Return exactly the lines of the records below, starting at the line that contains "4. 在VncViewer的" and ending at the line that contains "and daylight white.", with both of those lines kept.

[[ Dataset extract open ]]

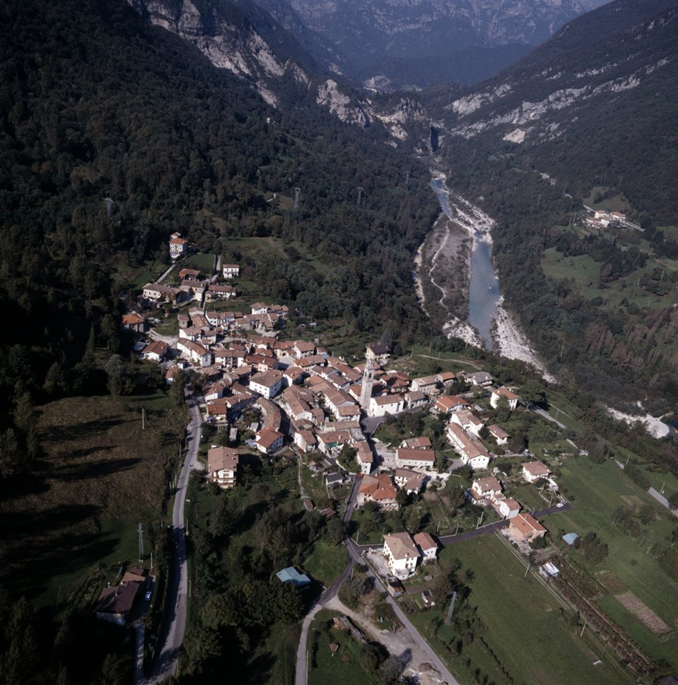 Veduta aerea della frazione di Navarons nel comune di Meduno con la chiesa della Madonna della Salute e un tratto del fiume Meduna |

[[ Dataset extract closed ]]
[[ Dataset extract open ]]

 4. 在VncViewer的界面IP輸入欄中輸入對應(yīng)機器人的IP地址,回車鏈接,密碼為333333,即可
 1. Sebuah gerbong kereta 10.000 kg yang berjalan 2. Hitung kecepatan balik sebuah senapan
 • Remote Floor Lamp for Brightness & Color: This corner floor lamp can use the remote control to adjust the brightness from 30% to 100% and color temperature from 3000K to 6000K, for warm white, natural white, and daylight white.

[[ Dataset extract closed ]]

> [Output of the task]:
 4. 在VncViewer的界面IP輸入欄中輸入對應(yīng)機器人的IP地址,回車鏈接,密碼為333333,即可
 1. Sebuah gerbong kereta 10.000 kg yang berjalan 2. Hitung kecepatan balik sebuah senapan
 • Remote Floor Lamp for Brightness & Color: This corner floor lamp can use the remote control to adjust the brightness from 30% to 100% and color temperature from 3000K to 6000K, for warm white, natural white, and daylight white.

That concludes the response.